◆ **EXERCISE REQUIREMENTS**: The data that follows is to be copied exactly, with each image removed.

◆ **DATA EXTRACT**:
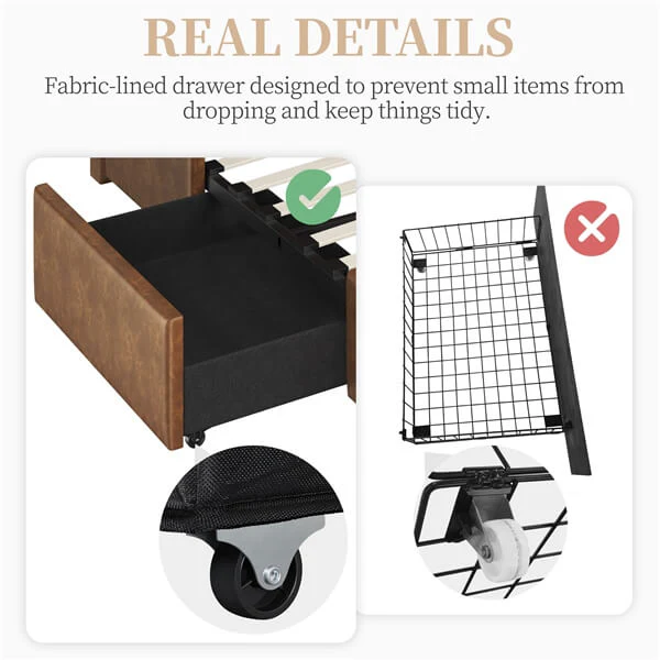 • Three Drawers, Ample Storage Space: Designed with a drawer measuring 32.7″ L × 19.5″ W × 6″ H on each side, and a large drawer measuring 44.5″ L × 19.5″ W × 6″ H at the bed end, providing ideal storage space for bed sheets, clothing and more, for a tidy and clutter-free bedroom. In addition, the three drawers are easily detachable.
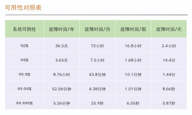 时间维度 :Availability = Uptime / (Uptime + Downtime)
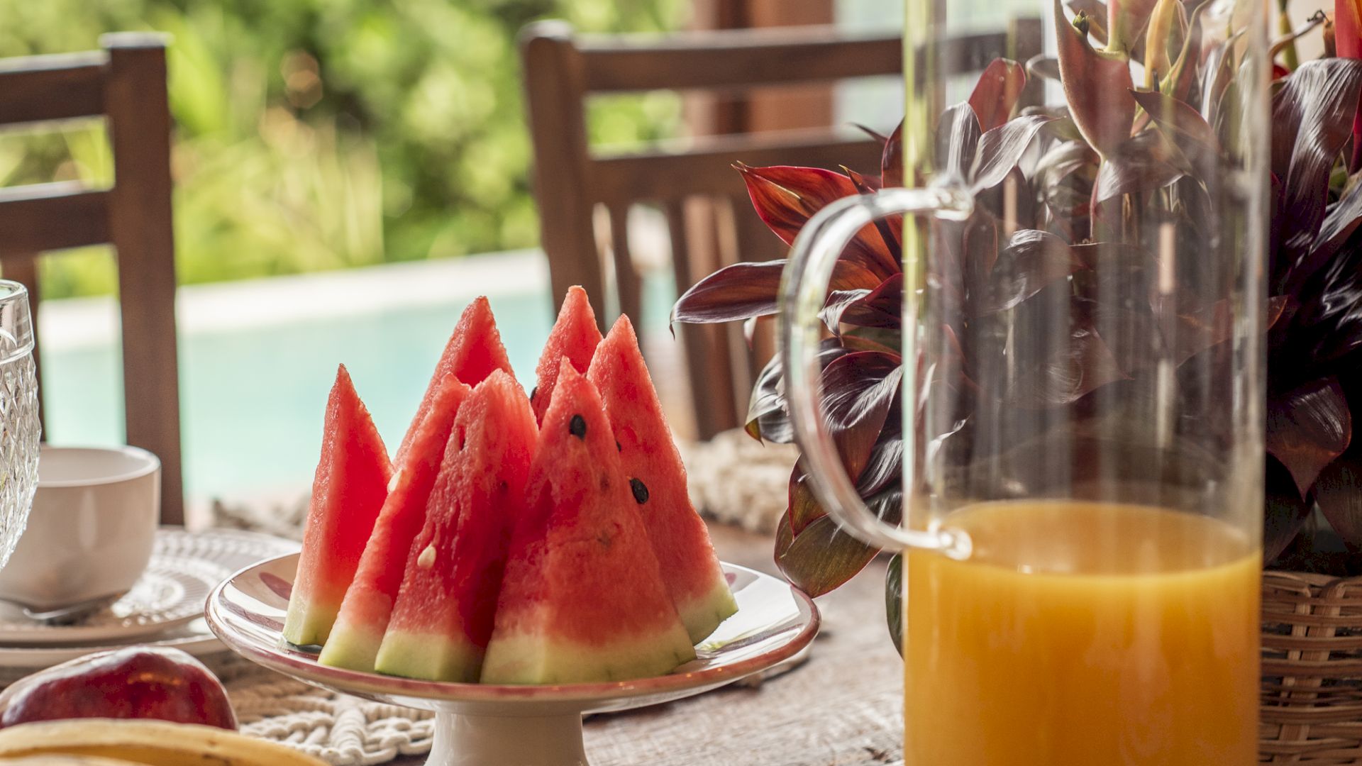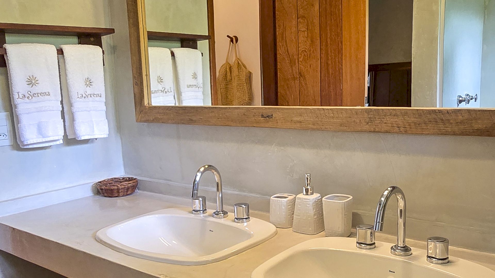 A propriedade conta com 4 suítes, acomodando confortavelmente até 8 pessoas. A configuração da casa foi pensada para garantir privacidade e integração: 3 suítes estão na casa principal, enquanto 1 suíte está localizada em um bangalô independente, ideal para hóspedes que buscam ainda mais tranquilidade.

◆ **SOLUTION BELOW**:
 • Three Drawers, Ample Storage Space: Designed with a drawer measuring 32.7″ L × 19.5″ W × 6″ H on each side, and a large drawer measuring 44.5″ L × 19.5″ W × 6″ H at the bed end, providing ideal storage space for bed sheets, clothing and more, for a tidy and clutter-free bedroom. In addition, the three drawers are easily detachable.
 时间维度 :Availability = Uptime / (Uptime + Downtime)
 A propriedade conta com 4 suítes, acomodando confortavelmente até 8 pessoas. A configuração da casa foi pensada para garantir privacidade e integração: 3 suítes estão na casa principal, enquanto 1 suíte está localizada em um bangalô independente, ideal para hóspedes que buscam ainda mais tranquilidade.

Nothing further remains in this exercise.